# PROBLEM TO SOLVE
Print the records exactly as written, and let no picture into the answer.

=== DATA PROVIDED ===

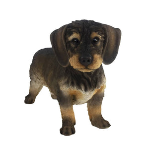 Geef deze levensechte ruwharige teckel een thuis! Deze natuurgetrouwe teckel van Esschert Design geeft je huis een vleugje vreugde en je kunt het hondenbeeld zowel binnen als buiten plaatsen. Het beeld is gemaakt van polyresin.
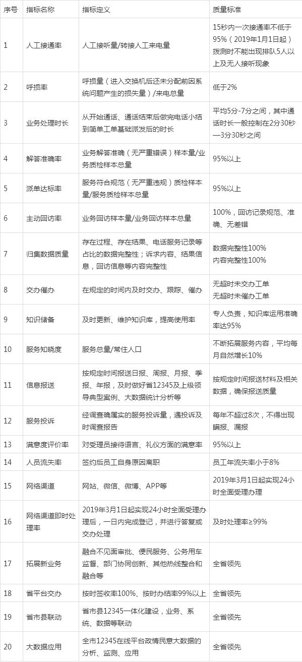 三、業務運營質量標準
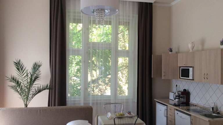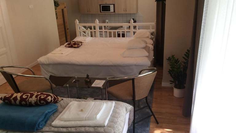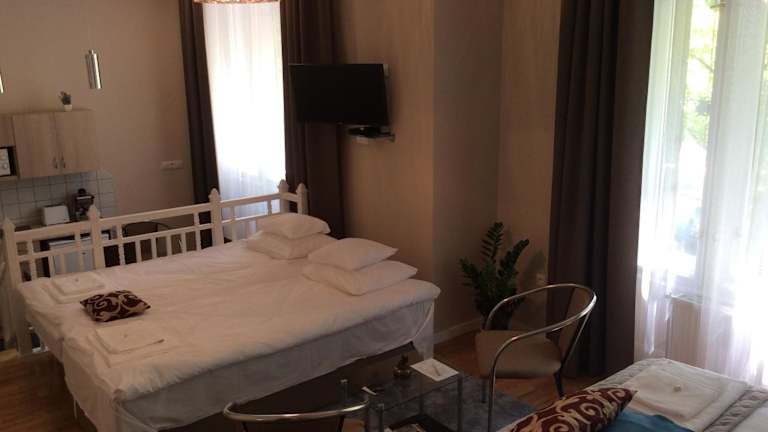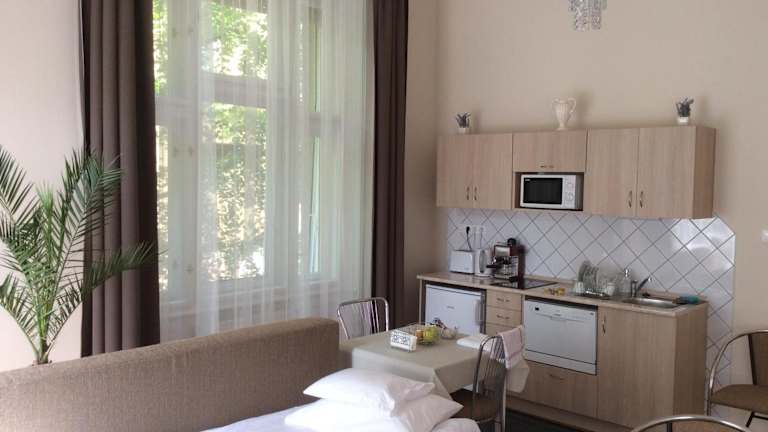 Stefánia Stúdió Apartmanok bietet klimatisierte Wohneinheiten mit kostenloses Wifi und einer Sauna für entspannende Momente. Die Unterkunft ist privat geführt und legt Wert auf Sicherheit und Sauberkeit. Eingeschränkte Feiern, wie Junggesellenabschiede, sind nicht gestattet.
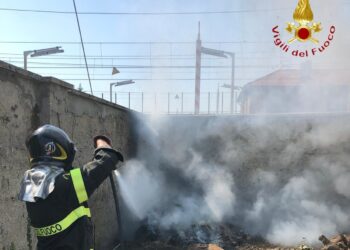 Sterpaglie in fiamme a Grandate, in via Giovio, a poca distanza dalla rete ferroviaria. Il clima di queste ore ha ...
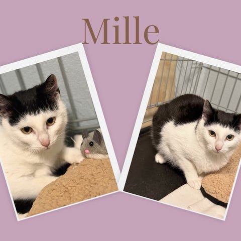 Mille er en stor killing på omkring 8 måneder, som i starten er lidt forsigtig og skal have lov til at falde til i sit eget tempo. Hun kommer ikke løbende i møde, men giver man hende lidt tid, viser hun sig som en utrolig hengiven og kærlig hunkat, der nyder nærhed og menneskelig kontakt.
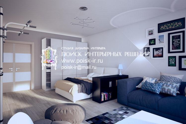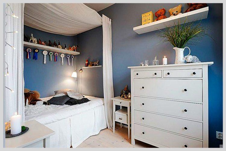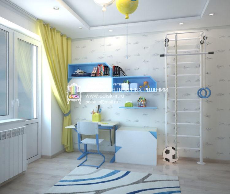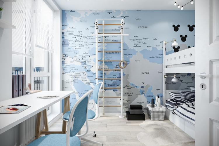 La guardería escandinava con elementos azules se ve muy inusual y brillante. Esta opción es perfecta para un niño.
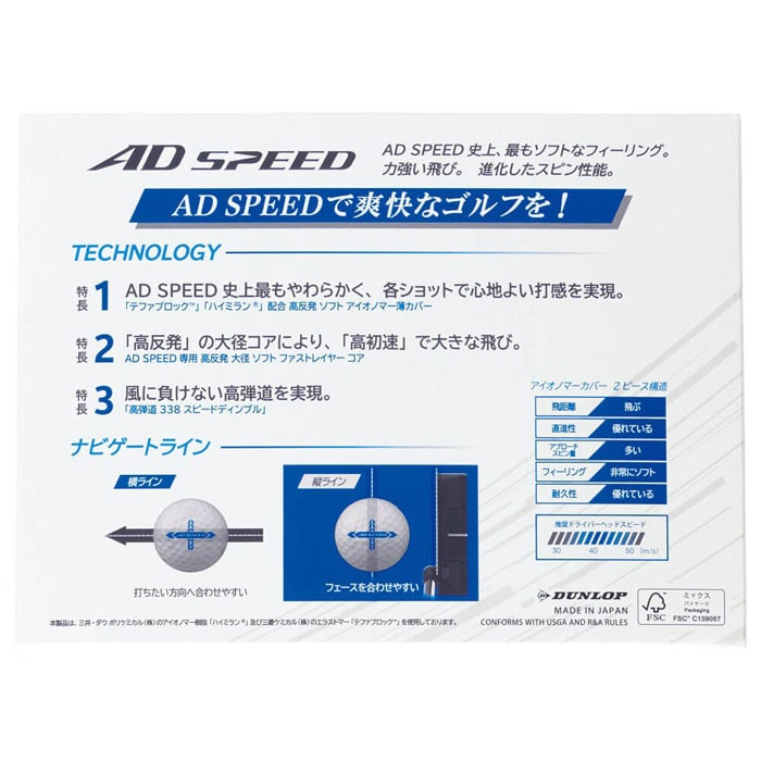 ソフトな打感と力強い飛び、優れたアプローチ性能で爽快なゴルフを 飛距離性能だけでなくアプローチスピン性能、ソフトな打感を求めるゴルファーにおすすめ。 「スリクソン AD SPEED」は「高反発大径ソフトファストレイヤーコア」を搭載し、高初速、高打ち出し、低スピンによる大きな飛びと テファブロック、ハイミラン配合「高反発ソフトアイオノマー薄カバー」で、すべてのショットで心地よいソフトな打感とアプローチスピン性能を発揮します。

===

# ANSWER TO THIS PROBLEM
 Geef deze levensechte ruwharige teckel een thuis! Deze natuurgetrouwe teckel van Esschert Design geeft je huis een vleugje vreugde en je kunt het hondenbeeld zowel binnen als buiten plaatsen. Het beeld is gemaakt van polyresin.
 三、業務運營質量標準
 Stefánia Stúdió Apartmanok bietet klimatisierte Wohneinheiten mit kostenloses Wifi und einer Sauna für entspannende Momente. Die Unterkunft ist privat geführt und legt Wert auf Sicherheit und Sauberkeit. Eingeschränkte Feiern, wie Junggesellenabschiede, sind nicht gestattet.
 Sterpaglie in fiamme a Grandate, in via Giovio, a poca distanza dalla rete ferroviaria. Il clima di queste ore ha ...
 Mille er en stor killing på omkring 8 måneder, som i starten er lidt forsigtig og skal have lov til at falde til i sit eget tempo. Hun kommer ikke løbende i møde, men giver man hende lidt tid, viser hun sig som en utrolig hengiven og kærlig hunkat, der nyder nærhed og menneskelig kontakt.
 La guardería escandinava con elementos azules se ve muy inusual y brillante. Esta opción es perfecta para un niño.
 ソフトな打感と力強い飛び、優れたアプローチ性能で爽快なゴルフを 飛距離性能だけでなくアプローチスピン性能、ソフトな打感を求めるゴルファーにおすすめ。 「スリクソン AD SPEED」は「高反発大径ソフトファストレイヤーコア」を搭載し、高初速、高打ち出し、低スピンによる大きな飛びと テファブロック、ハイミラン配合「高反発ソフトアイオノマー薄カバー」で、すべてのショットで心地よいソフトな打感とアプローチスピン性能を発揮します。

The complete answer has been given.